En quatre chansons, impossible de résumer le talent immense de Baba de Madagascar, disparu des radars musicaux depuis quelque temps. En attendant son retour, voici un survol d’ensemble de ses œuvres.
Il est de ces artistes oubliés des oreilles. Cependant, le temps lui a toujours gardé une petite place. Baba de Madagascar est de la trempe des météorites dans le domaine de l’art. Il est ce que les cosmochimistes de la musique peinent encore à remplacer par un autre phénomène alliant avec justesse groove traditionnel et sons modernes malgaches. Une heure des chansons de ce phénomène scotche et laisse rêver, comme sur les routes sinueuses du moyen-ouest tirant jusqu’à Maintirano. Des paysages et leurs traces dans la mémoire sont indissociables de chacun de ses titres.
- « Mama » Une poésie baladeuse, cette chanson « Mama », du free soul folk, a propulsé le chanteur au-devant de la scène nationale. Ensuite, une percée fulgurante à Antananarivo a fini par élever Baba de Madagascar au rang d’artiste culte. Puisant ses mélodies dans un pop accentué par un solo permanent et enivrant, le chanteur raconte ce que la majorité des hommes pense de leurs mères. Avec un petit plus, « je suis l’homme de ma famille, je me dois de réussir », a-t-il révélé lors d’une conversation au Tahala Rarihasina, il y a quelques années. Alors, l’éloignement chanté avec sa voix unique devient un frémissement de l’âme. Ce que le solo enivrant rappelle.
- « Baoejy ». Chanson comprise dans son opus sorti en 2004, « Baoejy » est une prédication. Au-delà des frontières, Baba de Madagascar est l’ambassadeur attitré de ce style. Une conception élaborée dans l’arrangement ferait penser qu’il n’avait plus qu’à chanter.
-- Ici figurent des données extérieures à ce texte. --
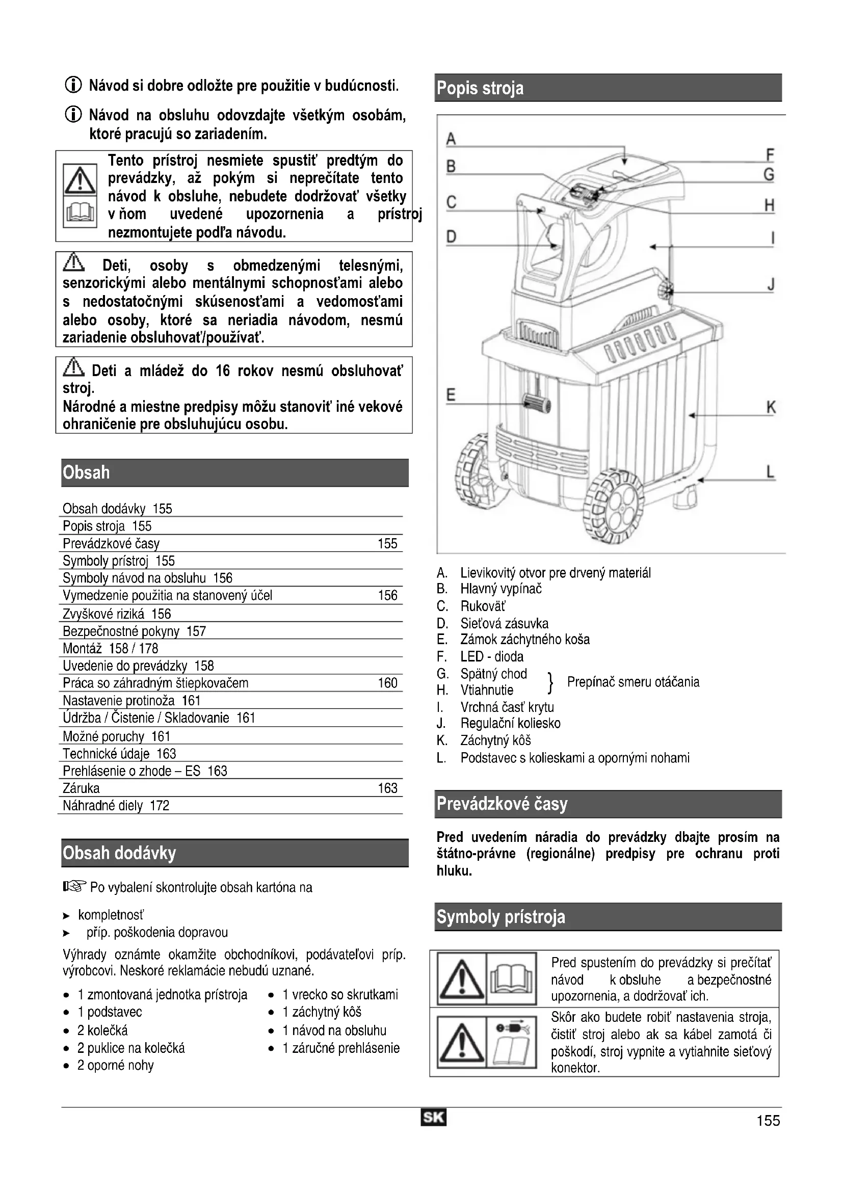 Obsah Obsah dodávky 155 Popis stroja 155 Prevádzkové časy 155 Symboly prístroj 155 Symboly návod na obsluhu 156 Vymedzenie použitia na stanovený účel 156 Zvyškové riziká 156 Bezpečnostné pokyny 157 Montáž 158 / 178 Uvedenie do prevádzky 158 Práca so záhradným štiepkovačem 160 Nastavenie protinoža 161 Údržba / Čistenie / Skladovanie 161 Možné poruchy 161 Technické údaje 163 Prehlásenie o zhode – ES 163 Záruka 163 Náhradné diely 172
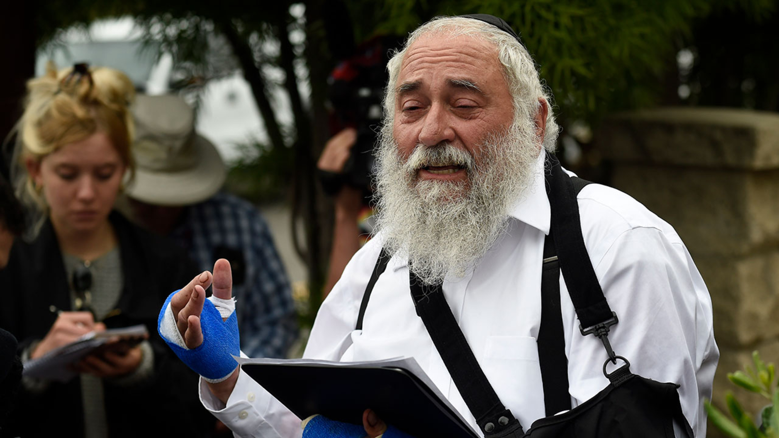 Rabbi Yisroel Goldstein detailed the events of Saturday morning in an emotional press conference outside the synagogue Sunday afternoon. Goldstein was preparing for his sermon when he heard a loud bang. He walked out into the temple's lobby, where he encountered the gunman and worshipper Lori Kaye, who had been fatally shot.

Une basse aux bribes de rumba funk, une construction avec un sens de jeu de la musique très intelligente. « Antsika handeha ibaligny e, hisôma balin-drazana », ce morceau est sans doute l’un des plus aboutis de son répertoire. Et la partie de chassé-croisé presque onirique entre un son de guitare et un piano. Le baoejy atteint les sphères cosmiques.
- « Gasy ». Une esthétique musicale tirée des années 80, « Gasy » reprend dans ses textes la litanie éternelle de la fraternité malgache. Bénissant ceux de l’est, de l’ouest, du nord, du sud et du centre, Baba de Madagascar démontre ici toute sa puissance vocale. Supplantant même une synthèse loin de l’exotisme, avec un mélange parfait entre le soul, le funk et un rock/pop débridé. Si les paroles sont moins affutées, la performance et la constance restent toujours intactes. Le chanteur a du génie et il le prouve. Une chanson digne de la cérémonie d’ouverture d’un grand évènement comme les Jeux des îles et de la Francophonie.
- « Vady vao ». Aussi plaisant et festif, ce sera difficile de trouver mieux dans le répertoire de Baba de Madagascar avec « Vady vao ». Il y chante tout ce dont une jeune demoiselle rêve : un homme qui veut sa main dans le respect de la tradition. Le marovany apporte l’esprit de cette chanson, l’artiste se lâche. Si ce n’est une guitare jouée à la manière de ce genre de cithare traditionnel. Comme s’il se trouvait dans son meilleur élément, du baoejy pur et dur. Vers la fin, le titre s’envole. Une débandade travaillée avec une ligne de basse à la malgache, digne des variétés des années 80.